I wish I could say that at this point, I had simply laughed, cut my losses (a tank of gas, an afternoon on the road, and a lunch in a Pennsylvania diner I wouldn't have had to buy if I'd torn up the silly postcard in the first place) and shredded the voucher. But no. Painful and embarrassing as this is to confess, I actually stopped at the bank and got a $75 money order this morning. Luckily for me, my particular bank doesn't charge a fee for money orders.
And here, in my particular case, is where the scam stopped. Why? Because, faced with the fact that I was next going to have to stand in one of those interminable post office lines to send the money order off by certified mail, I finally decided to do the sensible thing and first get online to investigate any consumer complaints that might exist regarding the travel agency that handled the "free airline tickets" vouchers. What I found was hair-raising.
The Better Business Bureau gives this company an F. Customer complaints amply document how they earned it. Same story as mine - it was just that the people who did follow through and mail their vouchers in with those money orders unwittingly embarked on a nightmare mess in which they were incessantly nickled and dimed for one sum after another, the promised tickets never appearing, because the company had the option to say that there were no availabilities on the two dates you were permitted to select at a time, and because they were allowed to take 45 days to tell you so. Since the vouchers expire within 18 months, and since they hit you up for more money each time you try to make the reservation, some of which is non-refundable, they have a nice little shell game going. And since all of this is presented to you in writing, in clear and comprehensible language, albeit in minuscule print, and since you fork over the money in small increments as you go further and further along the path the perdition, they have no legal liability and you can't claim you were scammed.
The success of this scheme relies on the very sound psychological principles that:
(1) Most people want to get something for nothing. Especially if it's dressed up to look like it's foolproof.
(2) Once these same people have invested something in this "free" item - whether it be money, time, energy, or what have you - they will be extremely reluctant to abandon the quest for the carrot at the end of the stick, which the scammer keeps jerking along, just out of reach, but always in plain sight. As long as the scammer never asks for a large sum, which would create alarm and resistance, the victim can be diddled indefinitely for smaller amounts that will add up to a tidy sum over time. (And I of all people should know this, having read Joe Brown's incomparable novel Addie Pray, on which the film Paper Moon is based, at least a dozen times.)
So - I'm out an afternoon, a tank of gas, the price of a lunch, and some self-respect. And I can afford that, and I can laugh at myself, and I can thank goodness my husband and my friend are the forgiving sort.
But what about all the people I saw on the other side of that glass wall? The people who looked like they had an old car that got them there, and a dream of a nice vacation for their kids, but not much else?
It bothers me considerably that many of them are going to stay on this train to nowhere, and that nobody is looking out for them. It bothers me that it is perfectly legal for bogus companies like this to take advantage of the gullibility of people who don't have a lot of money, but who do have the very human desire to take a nice vacation with their kids at a discounted price. It bothers me that these people are in for months of frustration, disillusionment, and being swindled out of money that they hadn't intended to spend. Oh, yes -eventually, they will get the airline tickets, or the stay in the lodge, or any of a number of other things this company promises. But by the time they do get it, they will have spent, bit by bit, almost the full price of the trip - the very same amount they would have spent if they had simply booked the trip they couldn't afford to take through legitimate channels. Or maybe even more.
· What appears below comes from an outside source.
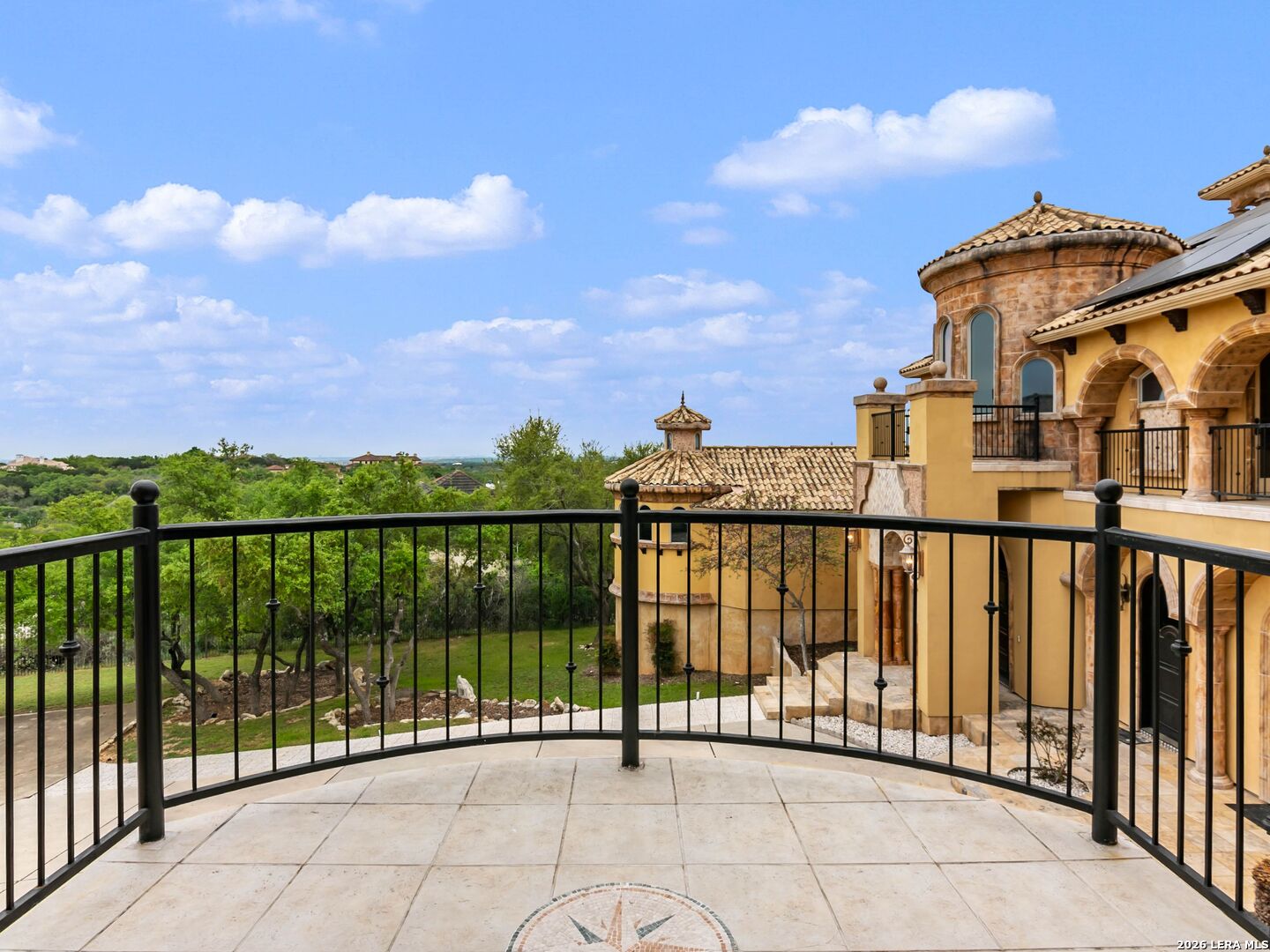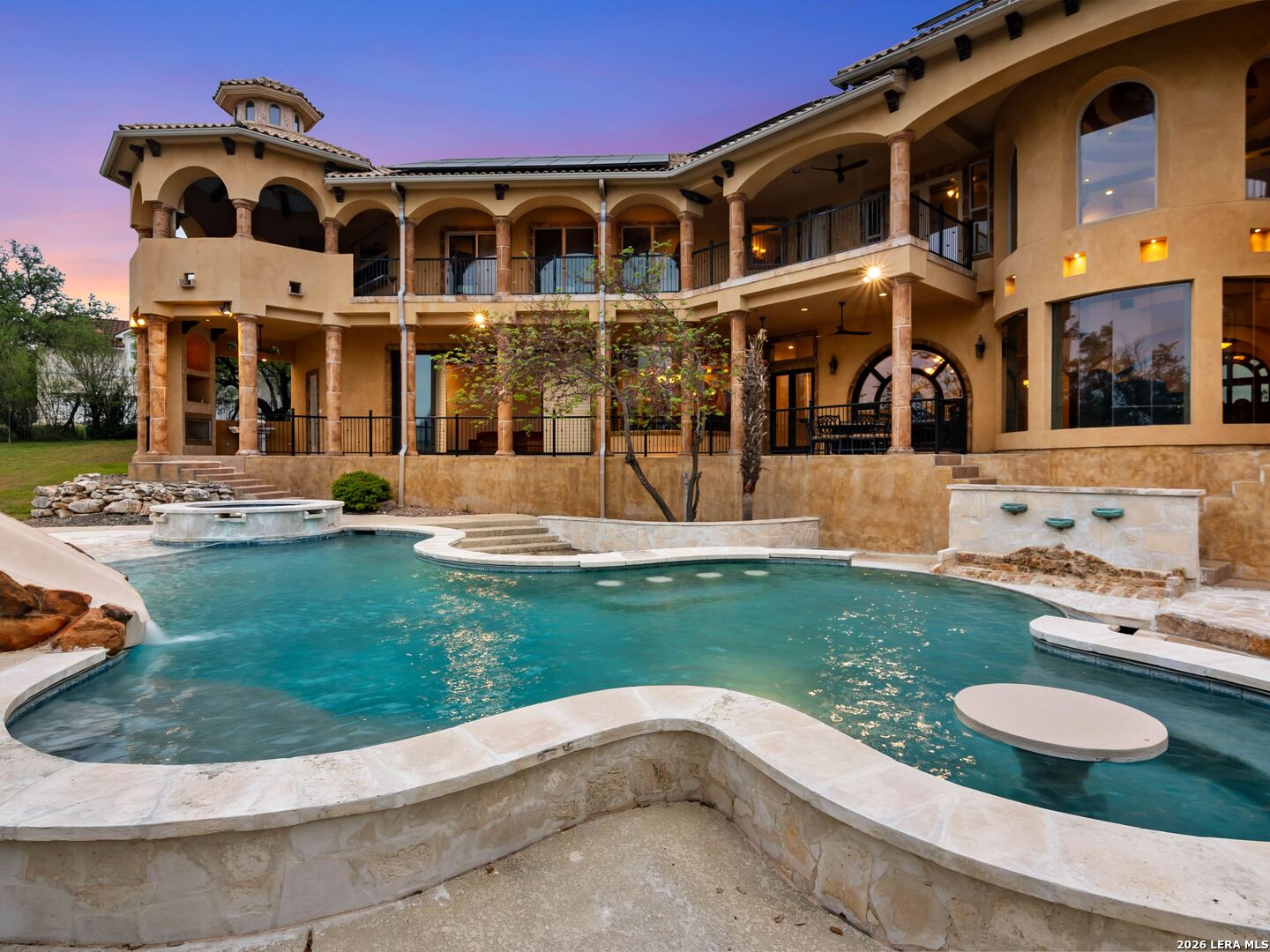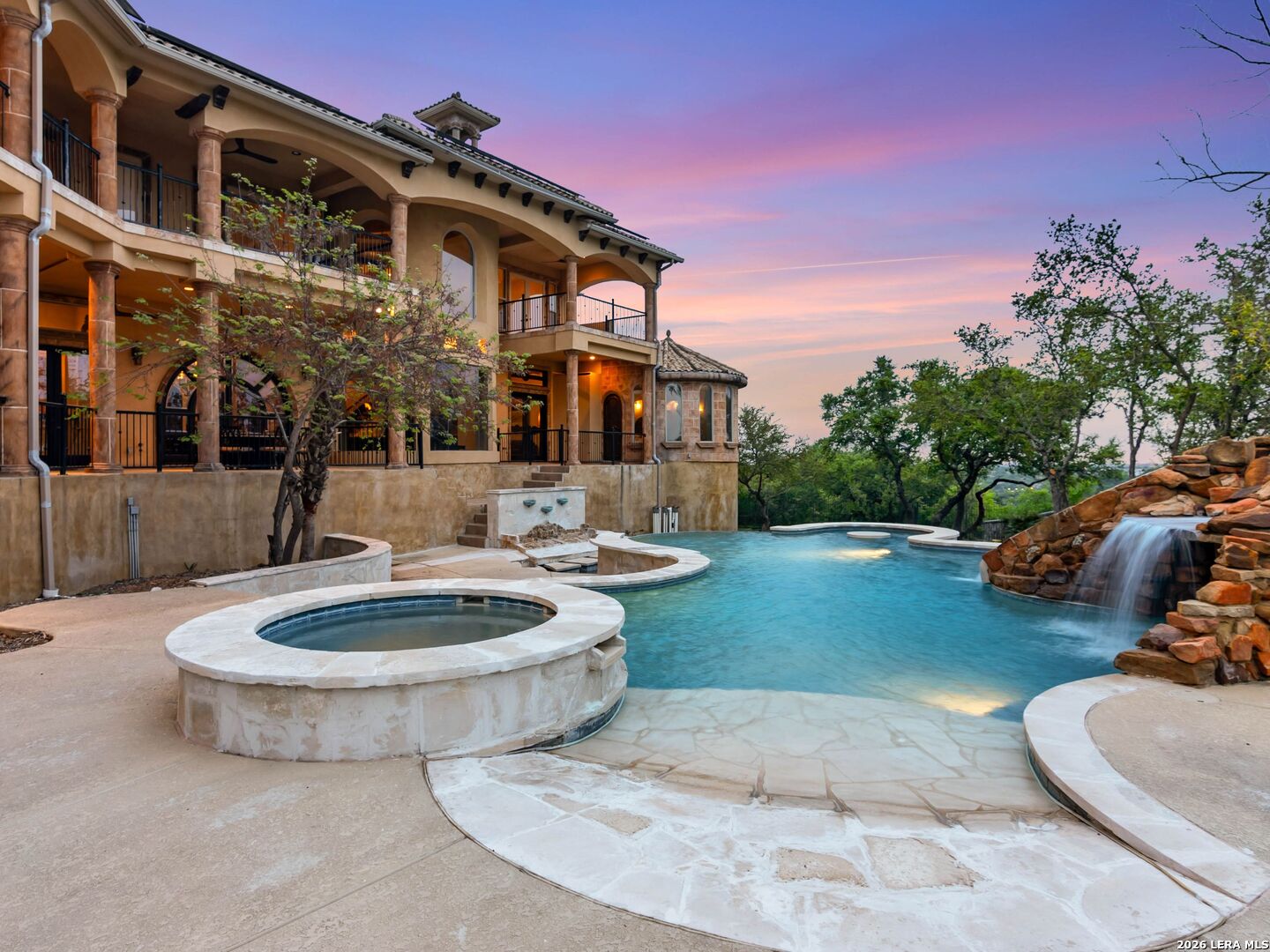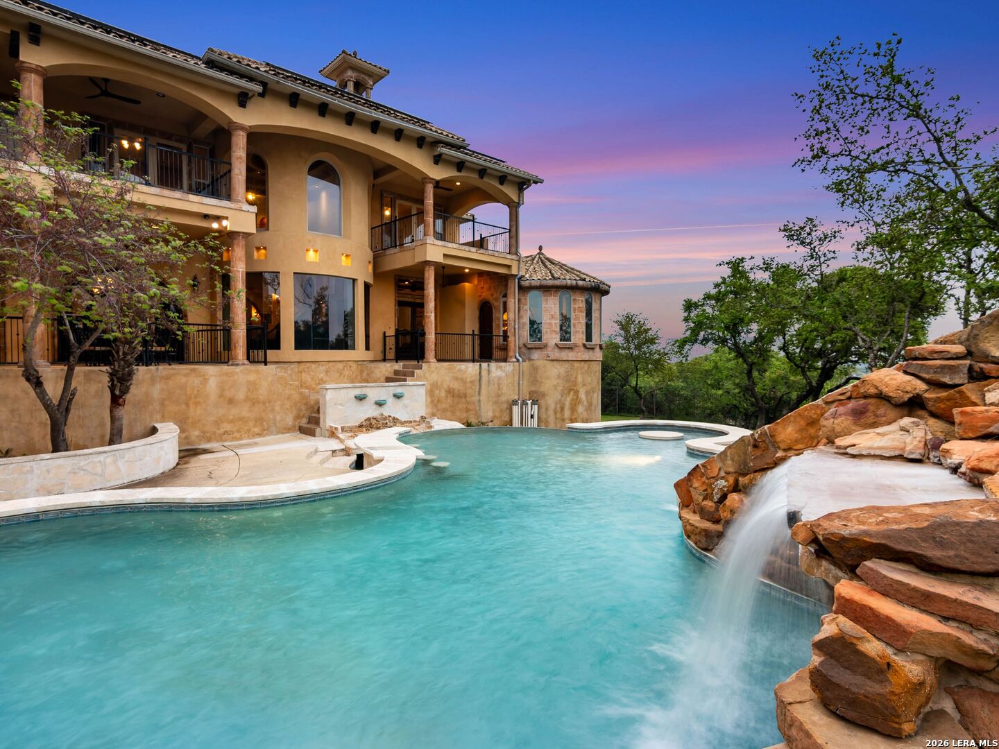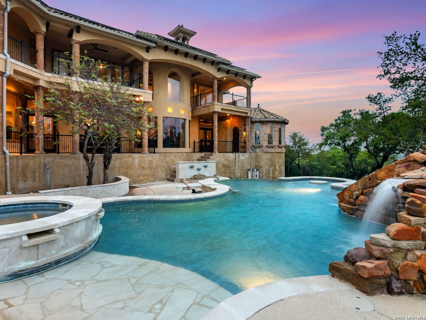 Set behind the gates of one of San Antonio's most exclusive enclaves, this refined Tuscan inspired estate blends European architecture with resort caliber living. Framed by mature oak trees and thoughtfully landscaped grounds, the residence delivers a sense of arrival defined by proportion, craftsmanship, and timeless design. Inside, soaring ceilings, graceful archways, and curated architectural detailing create a seamless flow throughout the home. A private elevator connects all levels, offering both convenience and long term functionality. Natural light fills the interiors, enhancing the scale and warmth of each living space. At the center of the home, the chef's kitchen is designed for both everyday living and elevated entertaining, featuring commercial grade appliances, custom cabinetry, and effortless connection to multiple terraces and Juliet balconies. Interior spaces transition naturally outdoors, creating an ideal setting for dining, hosting, or quiet retreat. Designed for entertainment and comfort, the home includes a private theater, observatory style library, and well appointed bedroom suites offering privacy and flexibility. Discreet solar integration and advanced home systems support modern living while preserving the integrity of the architecture. Outdoors, over 2,000 square feet of terrace and entertaining space surrounds a Keith Zars heated pool and spa complete with waterslide and multiple gathering areas anchored by dual outdoor fireplaces. The result is a private retreat that feels both expansive and intimate. A stately three car garage completes the property, delivering functionality without compromising design. This is a residence defined by craftsmanship, setting, and thoughtful execution, offering a rare opportunity to experience elevated living within a truly distinguished estate environment.
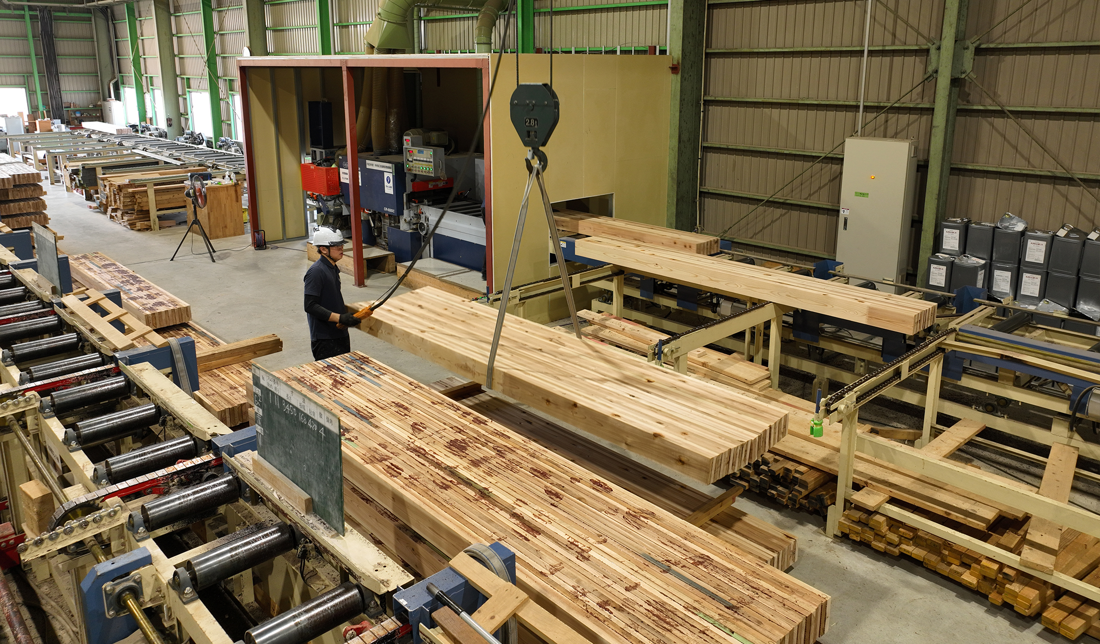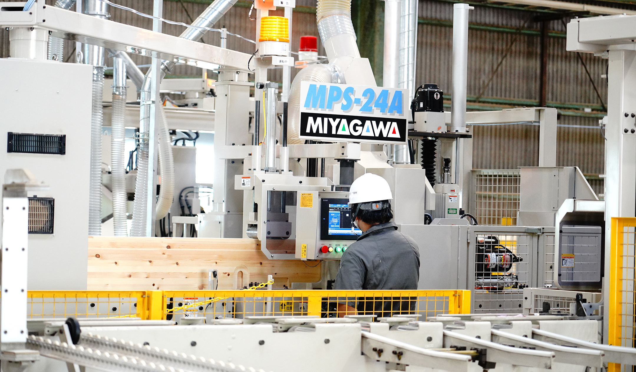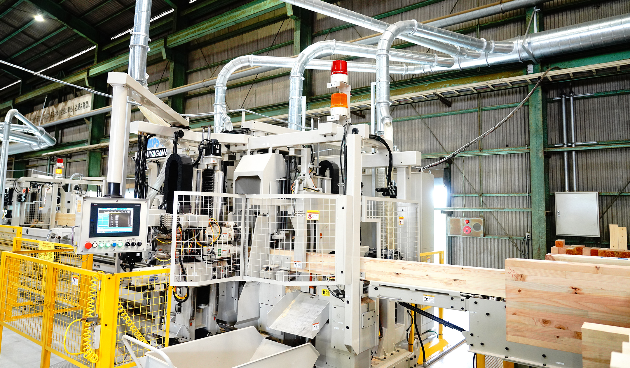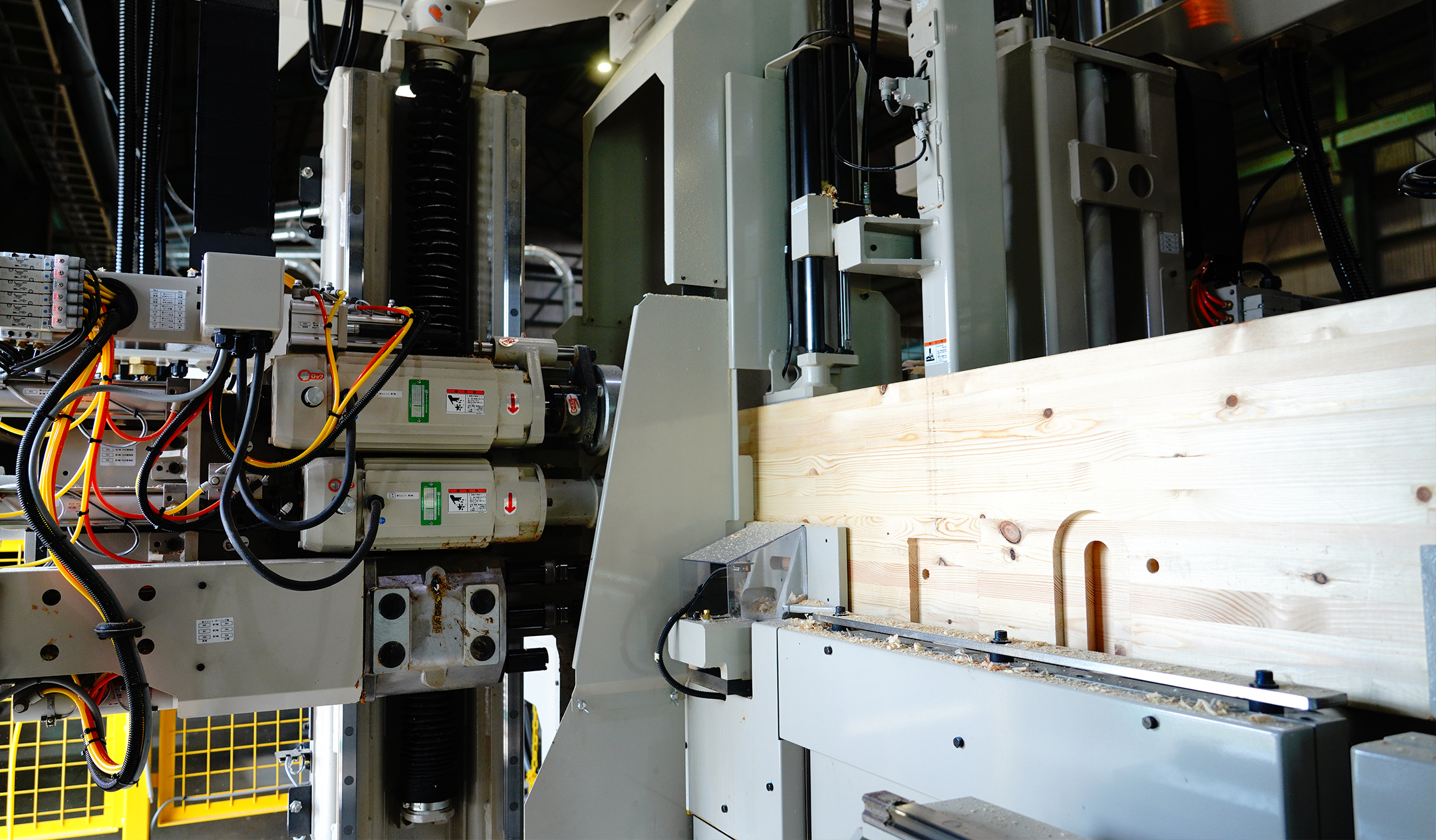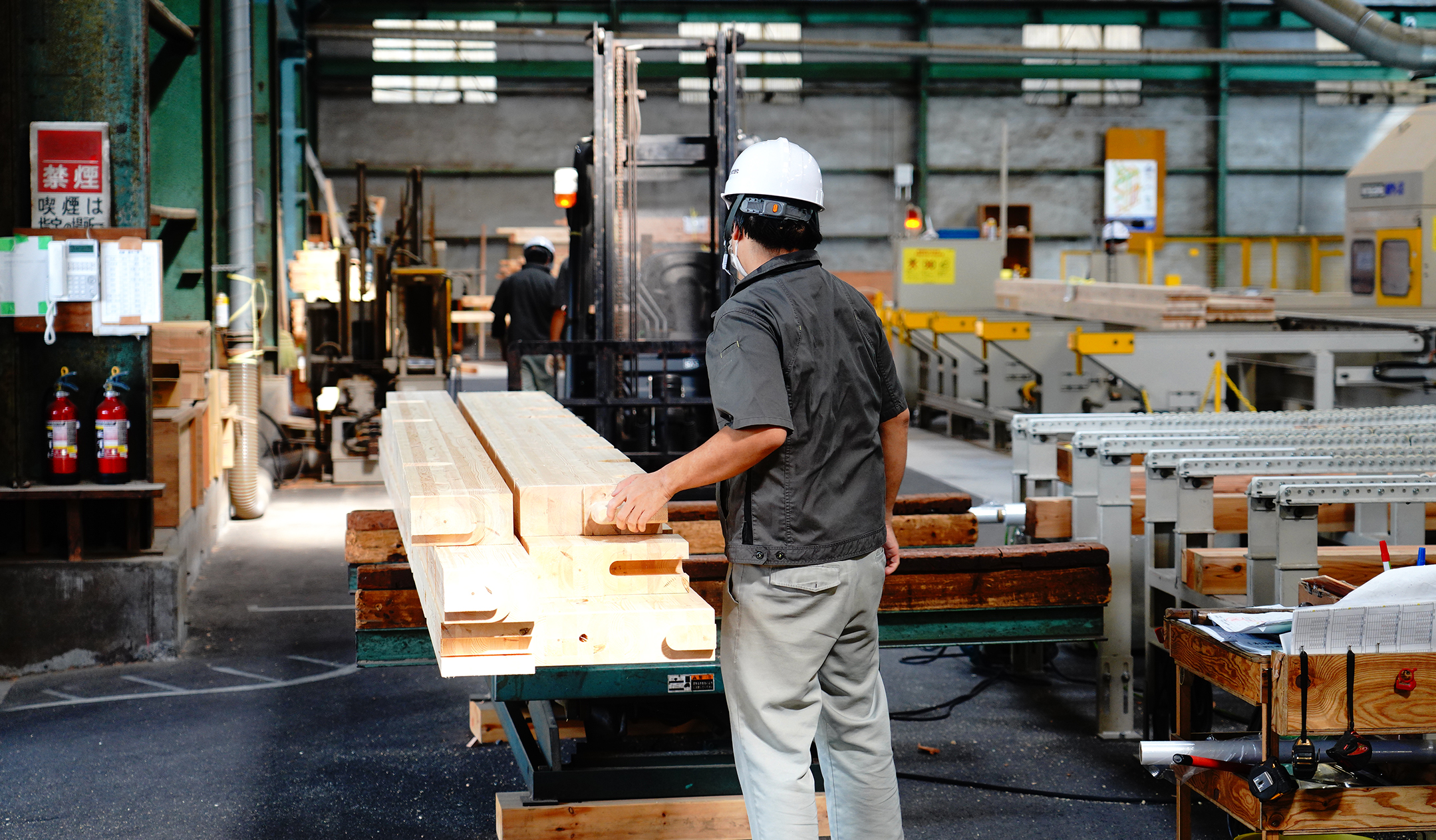 構造躯体の要である横架材を加工。豊富な加工形状と高精度を誇ります。各加工にあたる木材は、全国木材組合連合会に認知された木材選別技術者が一つひとつ細心の注意をはらって選別したものです。

And so, Gentle Readers, in the immortal words of Guys and Dolls' Sky Masterson:
On the day when I left home to make my way in the world, my daddy took me to one side. “Son,” my daddy says to me, “I am sorry I am not able to bankroll you to a very large start, but not having the necessary lettuce to get you rolling, instead I’m going to stake you to some very valuable advice. One of these days in your travels, a guy is going to show you a brand new deck of cards on which the seal is not yet broken. Then this guy is going to offer to bet you that he can make the jack of spades jump out of this brand new deck of cards and squirt cider in your ear. But, son, do not accept this bet, because as sure as you stand there, you’re going to wind up with an ear full of cider.
The success of this scheme relies on the very sound psychological principles that:
(1) Most people want to get something for nothing. Especially if it's dressed up to look like it's foolproof.
(2) Once these same people have invested something in this "free" item - whether it be money, time, energy, or what have you - they will be extremely reluctant to abandon the quest for the carrot at the end of the stick, which the scammer keeps jerking along, just out of reach, but always in plain sight. As long as the scammer never asks for a large sum, which would create alarm and resistance, the victim can be diddled indefinitely for smaller amounts that will add up to a tidy sum over time. (And I of all people should know this, having read Joe Brown's incomparable novel Addie Pray, on which the film Paper Moon is based, at least a dozen times.)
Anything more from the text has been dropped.